PROFESSIONAL EXPERIENCE
Confidential, Newark, CA
Hadoop Developer/ Admin
Responsibilities:
- Worked on a live40 nodes Hadoop cluster running CDH5.4.4, CHD5.2.0, CDH5.2.1
- Developed scripts for automation and monitoring purpose.
- Participated in Design, build and maintain a build automation system for our software products.
- Provide software product build configuration management.
- Performed Sqooping for various file transfers through the Cassandra tables for processing of data to several NoSQL DBs.
- Implemented authentication usingKerberosand authentication usingApache Sentry.
- Designing and upgrading CDH 4 to CDH 5
- Examining job fails and trouble shooting.
- Performance tuning for kafka cluster (failure and success metrics).
- Monitoring and managing the Hadoop cluster using Cloudera Manager.
- Automate installation of Hadoop on AWS using Cloudera Director
- Performance tuning of HDFS, YARN
- Automation using Cloud formation
- Manage Users and Groups using IAM
- Hands - on experience in creating Hadoop environment on Google Cloud Engine (GCE)
- Installed Hadoop cluster on GCE. Worked on POC Recommendation System for social media using Movie lens dataset.
Confidential
Hadoop Administrator
Responsibilites:
- Responsible for architecting Hadoop cluster.
- Involved in source system analysis, data analysis, data modeling to ETL (Extract, Transform and Load) and HiveQL.

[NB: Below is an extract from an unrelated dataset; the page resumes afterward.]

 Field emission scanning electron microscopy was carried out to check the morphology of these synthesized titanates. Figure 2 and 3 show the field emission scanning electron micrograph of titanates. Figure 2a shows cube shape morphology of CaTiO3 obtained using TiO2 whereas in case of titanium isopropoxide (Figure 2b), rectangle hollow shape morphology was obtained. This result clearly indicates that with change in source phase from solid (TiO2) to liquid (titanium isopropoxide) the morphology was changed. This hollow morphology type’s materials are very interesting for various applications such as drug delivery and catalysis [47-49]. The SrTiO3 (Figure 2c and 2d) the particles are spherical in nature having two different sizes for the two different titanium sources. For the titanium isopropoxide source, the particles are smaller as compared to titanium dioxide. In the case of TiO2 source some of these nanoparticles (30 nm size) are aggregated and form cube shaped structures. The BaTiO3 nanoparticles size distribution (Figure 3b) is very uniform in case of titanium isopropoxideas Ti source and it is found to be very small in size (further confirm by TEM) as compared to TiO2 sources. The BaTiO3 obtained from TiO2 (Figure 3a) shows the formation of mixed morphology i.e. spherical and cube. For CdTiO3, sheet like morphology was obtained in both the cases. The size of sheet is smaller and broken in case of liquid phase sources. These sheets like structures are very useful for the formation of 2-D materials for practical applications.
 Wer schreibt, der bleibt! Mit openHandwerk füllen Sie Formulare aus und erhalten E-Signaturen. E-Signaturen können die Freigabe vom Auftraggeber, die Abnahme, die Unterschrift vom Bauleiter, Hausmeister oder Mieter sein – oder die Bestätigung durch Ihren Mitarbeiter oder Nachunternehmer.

- Strong Experience in Installation and configuration of Hadoop ecosystem like Yarn, HBase, Flume, Hive, Pig, Sqoop.
- Expertise in Hadoop cluster task like Adding and Removing Nodes without any effect to running jobs and data.

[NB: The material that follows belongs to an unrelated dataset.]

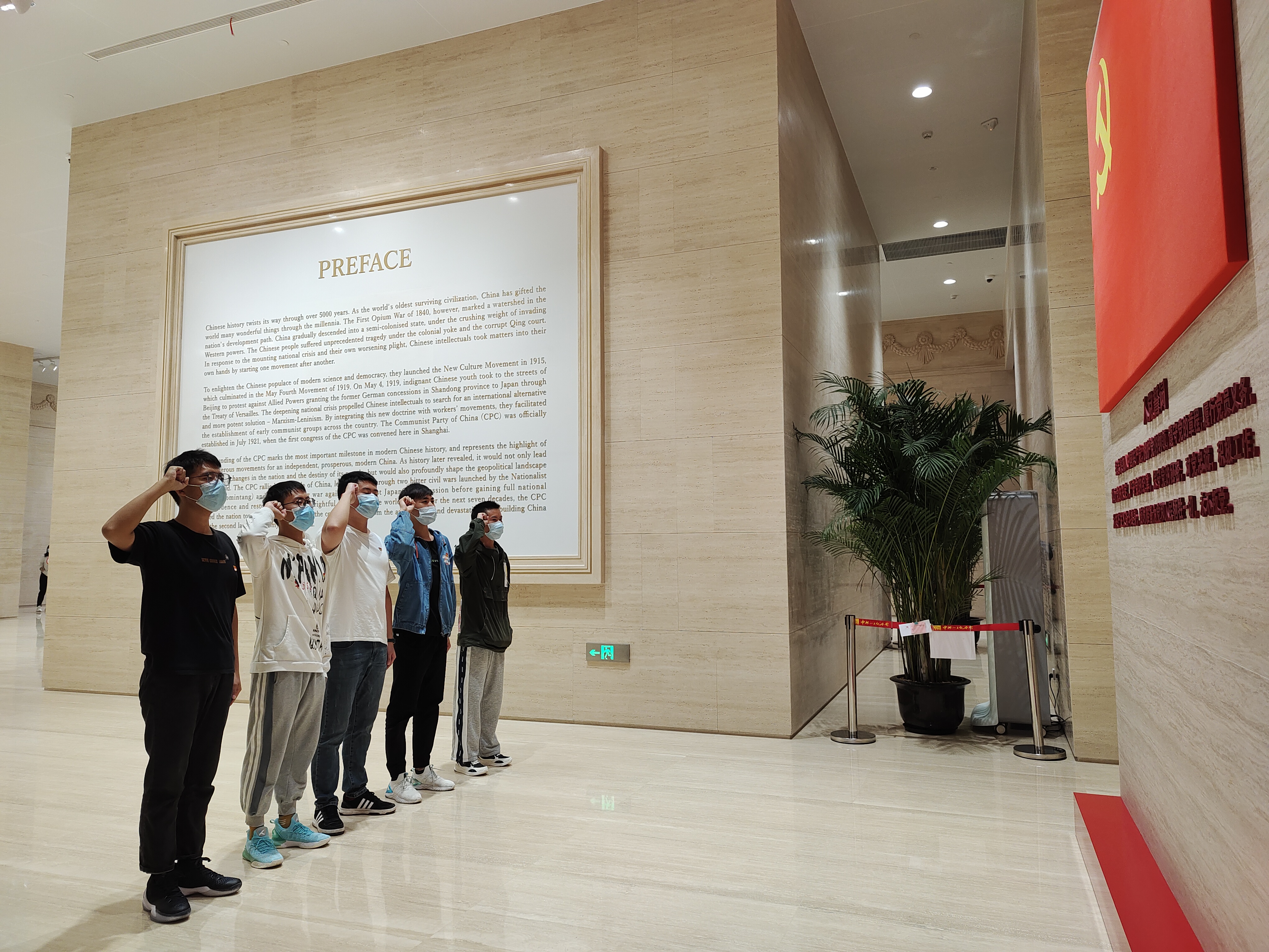 在遵守疫情防控的条件下,党员同志们统一佩戴徽章有序入馆。在庄严的党旗下,高举右手,重温入党誓词。铿锵有力的声音抒发对党的热爱之情,表达为共产主义奋斗终身的决心。

- Manage and review Hadoop Log files.
- Load log data into HDFS using Flume. Worked extensively in creating MapReduce jobs to power data for search and aggregation.
- Worked extensively with Sqoop for importing data.

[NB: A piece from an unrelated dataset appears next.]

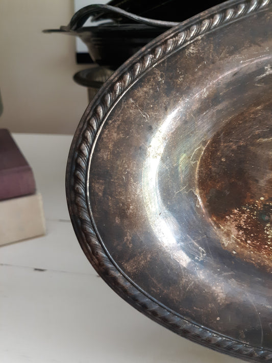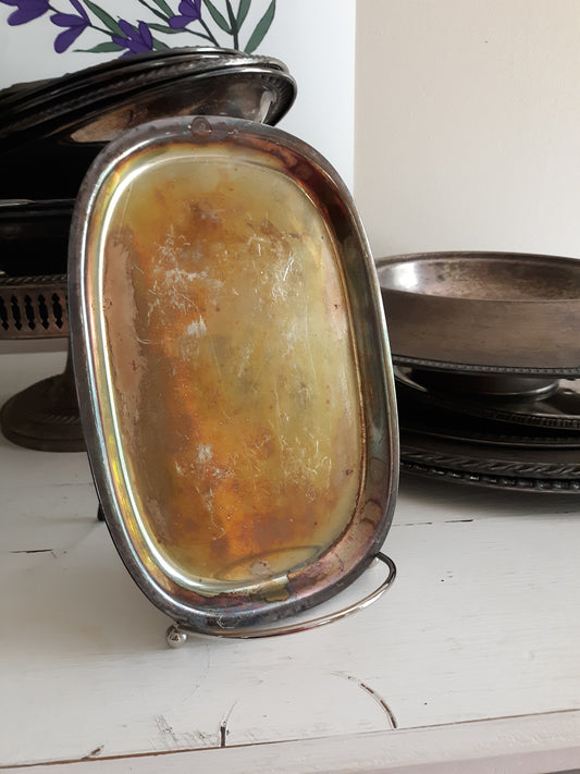 Vintage Silver Plated Oval Tray / Patina

- Designed a data warehouse using Hive.
- Created partitioned tables in Hive.
- Mentored analyst and test team for writing Hive Queries.
- Extensively used Pig for data cleansing.
- Scheduled Oozie workflow engine to run multiple Hive and Pig jobs, which independently run with time and data availability.
- Developed Oozie Workflows for daily incremental loads, which gets data from Teradata and then imported into hive tables.
- Developed pig scripts to transform the data into structured format and it are automated through Oozie coordinators.
- Worked on pulling the data from relational databases, Hive into the Hadoop cluster using the Sqoop import for visualization and analysis.
- Used Flume to collect, aggregate, and store the web log data from different sources like web servers, mobile and network devices and pushed to HDFS.
Confidential
Linux Admin
Responsibilities:
- Configuring and tuning system and network parameters for optimum performance.
- Gained knowledge on troubleshooting and problem solving skills, including application and network-level troubleshooting ability.
- Gained knowledge and experience on writing shell scripts to automate the tasks.
- Identifying and triaging outages monitor and remediate systems and network performance.
- Developing tools to automate the deployment, administration, and monitoring of a large-scale Linux environment.
- Performing server tuning, operating system upgrades.
- Participating in the planning phase for system requirements on various projects for deployment of business functions.
- Participating in 24x7 on-call rotation and maintenance windows.
- Communication & coordination with internal / external groups and operations.